A leading insurer has called for extra support from the judicial process if defendants are effectively to contest spurious personal injury claims.
Defendant firm Horwich Farrelly and insurer LV= today reported that they had secured a fundamental dishonesty defence after appealing a personal injury judgment.
But victory came only after defeat at first instance, when the judge appeared to disregard the fact that the defendants had been misled.
LV= claims director Martin Milliner said the outcome was welcome but illustrated why insurers are reluctant to pursue claims they believe to be spurious.
He added: 'Insurers are often wrongly criticised for not defending enough spurious whiplash claims. The original court decision highlights just how hard it is for us to win even when the facts speak for themselves.
‘Taking whiplash claims to the High Court on Appeal is a disproportionately expensive way to underline the point that for insurers to defend more cases to trial we need more backing, support and certainty of outcome from the judicial process, especially at first instance.’
Following a collision in September 2016, the claimant reported that the impact was ‘heavy and violent’ and felt ‘like a small bomb going off’, with his shoulder injuries purportedly taking 10 months to heal.
But investigations by the insurer found the claimant had been discharged from physiotherapy fully recovered five weeks after the accident and following just two sessions.

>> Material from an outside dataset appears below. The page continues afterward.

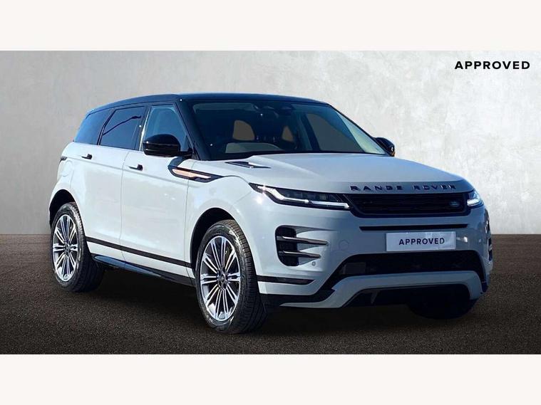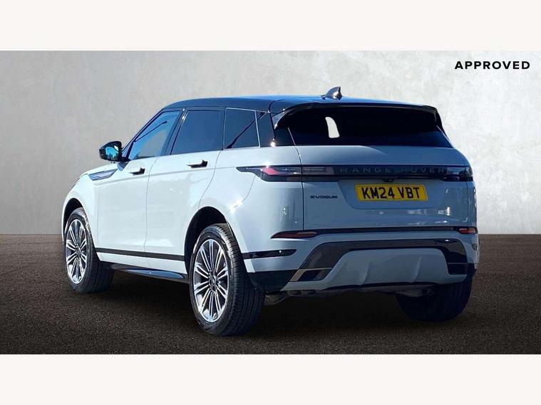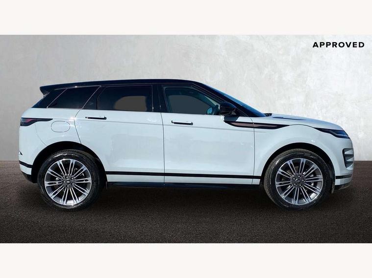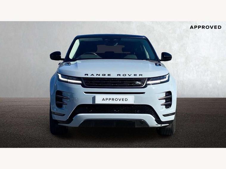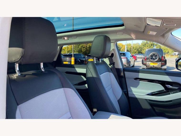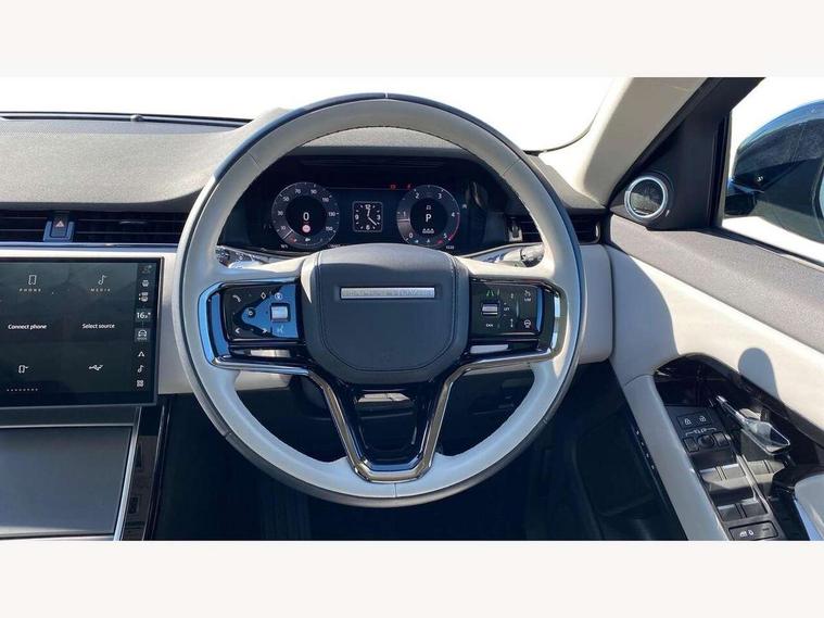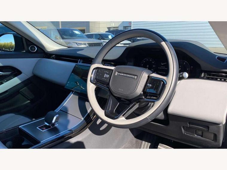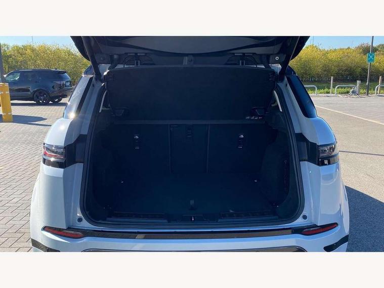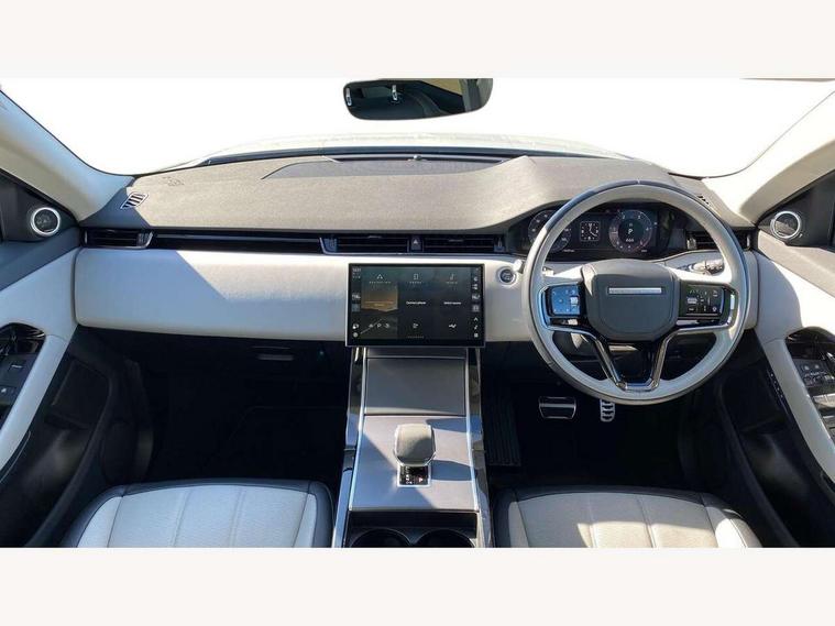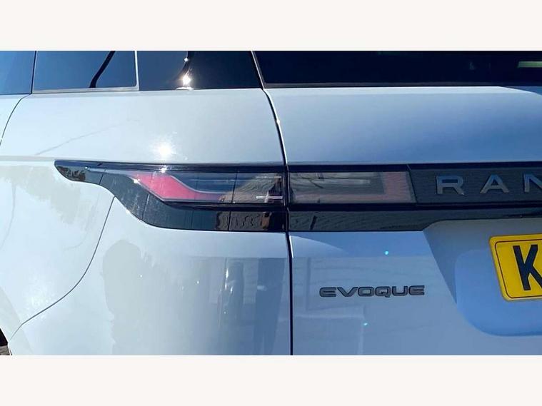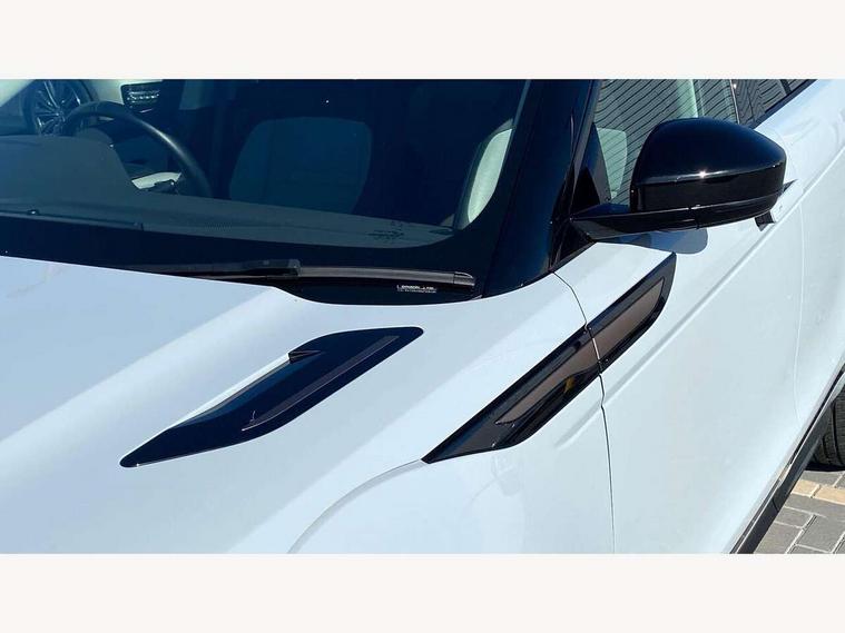 11.4" touch screen, Adaptive cruise control, Android Auto, Apple car play, Blind spot assist, Bluetooth connectivity, Brake pad wear indicator warning light, Driver condition monitor, eCall emergency system, Eco mode, Electronic power assisted steering (EPAS), Front and rear parking aid, InControl remote, Interactive driver display, Land Rover InControl apps, Lane keep assist, Pivi pro connected includes diamond pivi variant, smart settings, connected navigation pro, nuance speech licence, Powered tailgate/boot lid, Rear collision monitor, Rear traffic monitor, Traffic sign recognition with adaptive speed limiter, Voice control system, Wireless device charging, All terrain progress control, Diesel exhaust fluid (DEF) large tank, Efficient Driveline, Large fuel tank, Passive suspension, Terrain Response 2, Digital Audio Broadcast radio-DAB, Steering wheel mounted controls, Acoustic laminated windscreen, Auto headlights, Automatic headlight levelling, Electric windows with one touch open/close and anti trap, Flush deployable exterior door handles, Front and rear recovery eyes, Front fog lights, Heated rear window with timer, Heated washer jets, Heated windscreen, Pixel LED headlights with signature DRL and LED tail Lights, Power fold, auto-dimming, heated door mirrors with approach lights and auto dimming driver side, Rain sensing windscreen wipers, Rear animated directional indicators, Rear fog lights, Rear side wing doors, Rear wiper, Side repeater indicators in mirror, Tailgate spoiler, Third brake light, Winter wiper park position, 14 way driver memory electric front seats with 2 way manual headrests + 4 way lumbar support, bolsters, 40:20:40 split folding rear seats with centre headrest and armrest, Ambient interior lighting, Bright metal pedals, Carpet mats, Chrome tread plates with range rover branding Includes stainless steel loadspace scuff plate with etched graphic, Customer configurable single point entry, Electrically adjustable steering column with memory function and easy entry/exit, Front and rear cupholders, Heated steering wheel, Isofix system on outer rear seats, Overhead lighting console, Overhead stowage for sunglasses, Passive front head restraints, Rear air vents, Rear head restraints, Satin chrome gearshift paddles, Single passenger seat, Sunvisors with illuminated vanity mirrors, Twin sliding front centre armrest, Online pack with data plan - Evoque, Power socket pack 2 - Evoque, 3 rear 3 point seatbelts, Anti-lock braking system (ABS), Brake hold function, Customer configurable autolock, DSC - Dynamic Stability Control, Electronic brake force distribution, Electronic parking brake, Electronic traction control, Emergency braking, Front and rear seatbelt reminder, Hill descent control, Hill launch assist, Low traction launch, Occupant protection assist, Passenger seat occupant detector, Power operated child locks, Roll stability control, Six airbags - Driver and passenger airbags/driver knee airbag/front side airbag and curtain airbags, Torque vectoring brake, Tyre pressure monitoring system, Alarm, Immobiliser, Intrusion sensor, Keyless entry, Locking wheel nuts,

He claimed to be unable to attend his gym for three months, but his physio discharge report showed he was fully fit after after five weeks.
The case went to trial at Manchester County Court last December, where the judge found the claimant did exaggerate his case and the evidence could be disregarded. But the judge also found he had no option but to award damages of almost £1,900 based on the physio’s report.
Appealing before Mrs Justice Andrews at the High Court in Manchester, Horwich Farrelly argued in its appeal that the claimant had acted dishonestly in the presentation of his claim and he should be stripped of his original damages and ordered to pay legal costs. The judge agreed and dismissed the claim on the basis it was fundamentally dishonest.
Horwich Farrelly said this was the ninth Section 57 fundamental dishonesty ruling it had secured since April 2016 – with over 400 CPR 44.16 fundamental dishonesty findings achieved to date.